By Dale Grdnic
PITTSBURGH — The Pittsburgh Steelers found a winning combination with nearly no mistakes on offense and a stifling defense in a 15-9 overtime decision against the Atlanta Falcons Sunday afternoon at Heinz Field.
Dennis Dixon got his second NFL start at quarterback for the Steelers, and his statistics weren’t bad. He was 18-for-26 for 236 yards and just one interception. But he was sacked three times, rarely moved from the pocket, should have had three other picks and short-armed several throws that could have gone for first downs.
“It was a winning effort,” Steelers coach Mike Tomlin said. “The scoreboard says so. … I don’t necessarily call (him) tentative, but he was a little off-target, at least early in the game. But what I did like is that there was no panic in him or anyone.
“We kind of stayed status quo to allow him to get himself squared away, and he delivered some big-time throws in the second half and relied on veteran men like Hines Ward.”
Ward got loose for consecutive receptions for 25 and 24 yards midway through the fourth quarter to set up Jeff Reed’s third field goal for a 9-6 lead. Dixon also hit Mike Wallace for a 52-yarder, so his remaining completions basically were dinks and dump-offs.
This type of game plan leads to limited offense and low scores, which would appear to play into the Steelers’ hands if this game is an indication.
“Ever since I’ve been here, we’ve had a lot of close ball games,” Steelers defensive tackle Chris Hoke said. “That’s Steeler football. Since my rookie year, 10 years ago, it seemed like all the games have come down to the fourth quarter and are close games.
“Some go into overtime. So, we’re ready for that, and we’re going to keep going out there and playing tough defense. The offense, they did all right, but they’ll keep working at it and will get better every week.”
Rashard Mendenhall ran for 50 yards on the first play from scrimmage in overtime to give the Steelers their only touchdown on the day and a 15-9 victory. But he didn’t do much other than that, a 3.3-yard average on 21 carries.
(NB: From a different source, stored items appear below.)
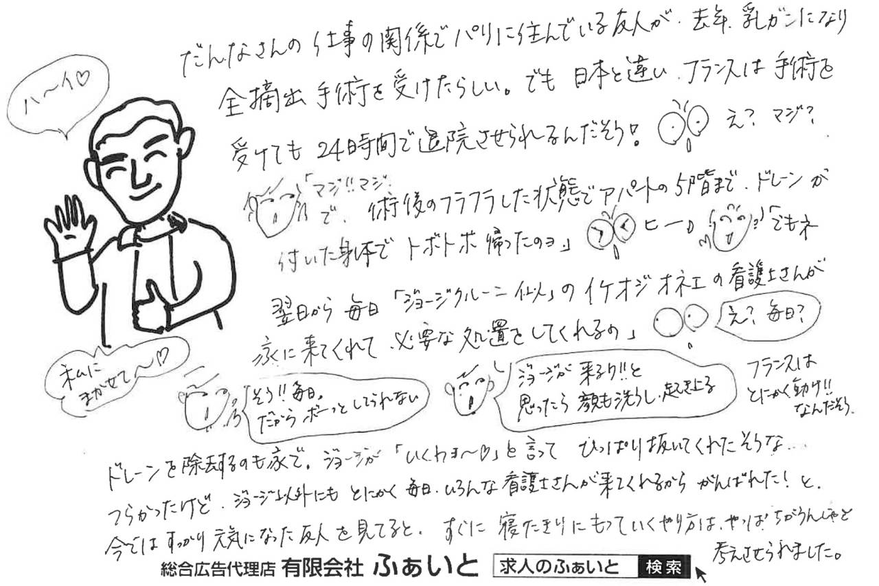 だんなさんの仕事の関係でパリに住んでいる友人が去年 乳ガンになり全摘出手術を受けたらしい。でも日本と違い フランスは手術を受けても24時間で退院させられるそうだ! えっ?マジ? 「マジ!!マジで術後のフラフラした状態でアパートの5階まで ドレーンが付いた身体でトボトボ帰ったヨ」ヒーーー!? 「でもネ、翌日から毎日ジョージ・クルーニー似のイケオジオネエの 看護士さんが家に来てくれて必要な処置をしてくれるの」えっ?毎日? 「そう!!毎日!!だからボーっとしてられない」 「ジョージが来るワ!!と思ったら顔も洗うし、起き上がる」 フランスはとくかく動け!!なんだそう ドレーンを除去するのも家で、ジョージが「いくわヨ~・」って言って ひっぱり抜いてくれたそうな・・・。辛かったけどジョージ以外にも とにかく毎日いろんな看護士さんが来てくれるから、がんばれた!!と 今では、すっかり元気になった友人を見てると、すぐに寝たきりに もっていくやり方は、やっぱり違うんじゃと考えさせられました。
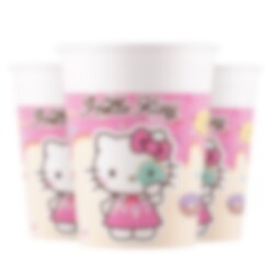 8 kpl pahvimukit, joissa on Hello Kittyn ja Kuromin kuva. Suloinen ja leikkisä yksityiskohta, joka tekee kattauksesta erityisen juhlavan. Pastellinväriset jäätelöteemaiset mukit sopivat täydellisesti mehun, limsan tai muiden juhlajuomien tarjoiluun.
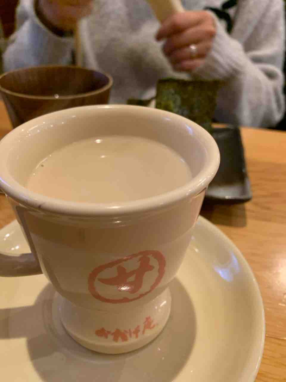 妻の人の一杯は、白くてやさしい口当たりのホットドリンク。 朝の身体にすっと入ってくる感じで、 和のモーニングと相性抜群でした。

He played raced around right end cleanly, however, for the winning score and appeared to run hard all day.
“Once I got to the outside, I knew it would be on me against their safety, and I just had my eyes on him the whole time,” Mendenhall said. “He nicked my foot, so I had to concentrate on staying up and staying inbounds. … The game was over, ending like that, so I was really excited when I got into the end zone.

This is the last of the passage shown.